With every new date seemed to come a new disappointment, and I quickly lost faith in relationships altogether. If true love existed, then where was my perfect romance? Where was my slow dance ‘neath the moon? Where the hell was my Johnny?!

And then my mother’s words played quietly through my head.

This is not how it happens in real life.

Our society sets us up to believe in love at first sight and happy endings and Johnny Castles. We’re raised in a culture where reality is considered over-rated; people would rather seek movie-perfection and fail trying than settle for the world as it actually is. I don’t claim this as an original thought; we all know romances like that between Johnny and Baby are oversimplified and idealistic. We’ve all heard “only in the movies,” and few of us would admit to believing a Cinderella story could happen for us.

And yet, we do believe it….or at least, we’re keen enough on the idea to feel slightly cheated when our relationships don’t turn out that way. That’s not to say my past beaus were actually upstanding gentlemen, because they weren’t. I had remarkably poor taste in the past, and I’m hoping to God that I’ve since learned from my mistakes. But there is merit in expecting something human from your relationships- and by “human” I mean complicated, often frustrating, awkward at times, and most of all…real.

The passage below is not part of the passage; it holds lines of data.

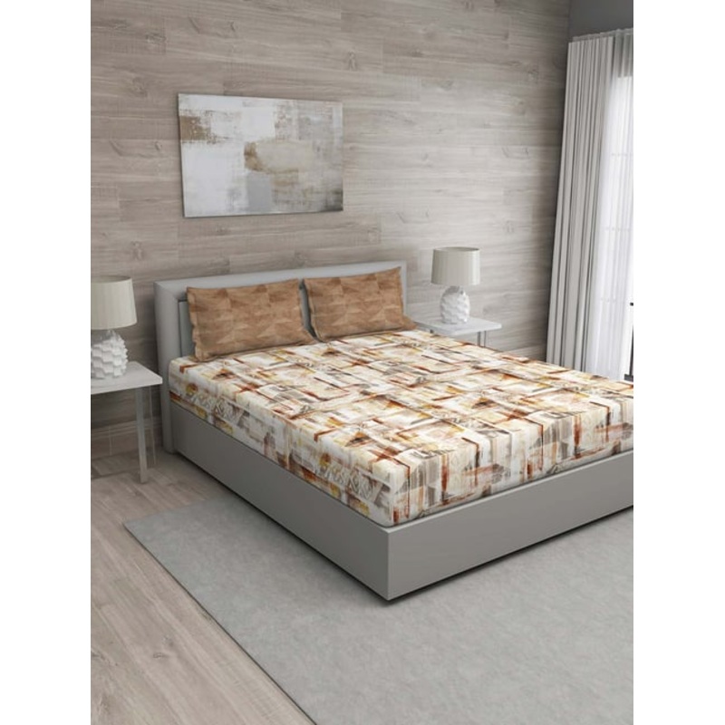 GR4670180055GM Brown 100% Cotton 144 TC Queen Bedsheet Set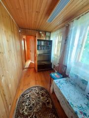На территории находится беседка, место для огорода, фундамент и небольшой крытый домик.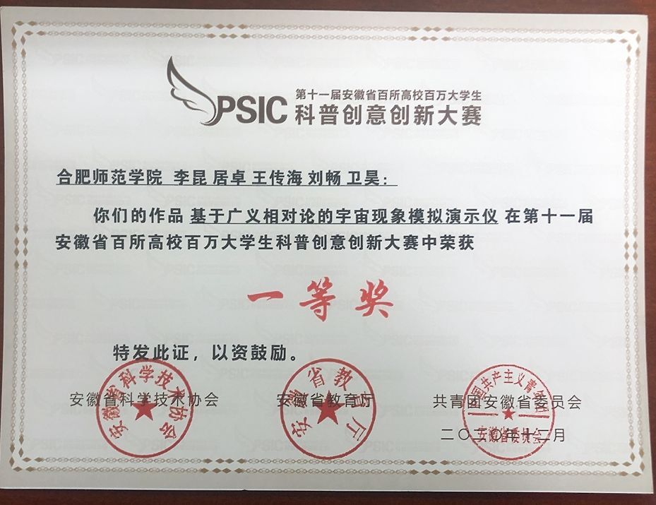 其中,物理与材料工程学院李昆、居卓、王传海、刘畅、卫昊的作品《基于广义相对论的宇宙现象模拟演示仪》获一等奖;教师教育学院钱竞飞的作品《走近我们心中的黑犬__抑郁症》,马克思主义学院周欣雨、翁仪、宣恒天、江紫的作品《网络安全普法》获三等奖;艺术传媒学院韩硕、程天宝、鲁星辉、李沈龙的作品《超时空“心灵感应”》,艺术传媒学院冯亚、石畅的作品《阿兹海默小姐》,化学与化学工程学院郭小艳、张欣燕、连文静、刘欣雨的作品《狂犬疫苗的注意事项和作用原理》,电子信息与电气工程学院葛正宇、王鑫、金政朝、杨又久、锁思语的作品《脊不可失小课堂》获优秀奖。

Johnny wasn’t real, and Baby wasn’t either. He wouldn’t have abandoned his playboy ways for the cute-ish girl named Frances, and she would never have been able to learn to dance like that (I mean, come on). But if you think about it, who would want that kind of relationship anyway? Real love can’t survive between wayward bad-boys and innocent do-gooder girls (and I should know, as that’s what caused heartbreak # 3).

So I guess what I’m trying to say is this: for anyone younger and thus less baggage-riddled than I, please heed the lesson my (come to find out, well-intentioned) mother once tried to teach me. Do not expect perfection. Do not expect swells of music when you kiss, or heartfelt I love yous on the second date, or hand-holding strolls on the beach that fade to black and end with the assumption of happily ever-after. Because as a wise woman once warned me, This is not how it happens in real life.

In real life there is heartache. There is arguing, and tension, and differing opinions and constant compromising. Sometimes your relationships won’t work out; you may be mistreated, and karma may never avenge you. You might be lonely for a little while. You might be lonely for a long while. And you may never have a blockbuster “love realized” moment to rival Johnny and Baby’s legendary last dance.

But if you’re very patient and just a bit lucky, you might find somebody who is pretty great - who cares about you and understands how you feel and wants to support you from day-to-day. You may meet someone who makes you laugh and holds you while you sleep, and you may just find someone who will love you for exactly who you are.

And if you do find that, don’t be deterred if there are bumps in the road or if his hips don’t move quite like Johnny’s. Trust me on this one, or at least trust my mother; your romance won’t be like Johnny and Baby’s, and that’s okay. Because real life love isn’t like movie love. It’s something a little bit different. It’s something a little more complicated. It’s something a little more real.

And real is always better in the long run…even if you never go dirty dancing.

This is dedicated to the eternally dreamy Patrick Swayze
, who put my middle name on the map and made me proud to be a Frances.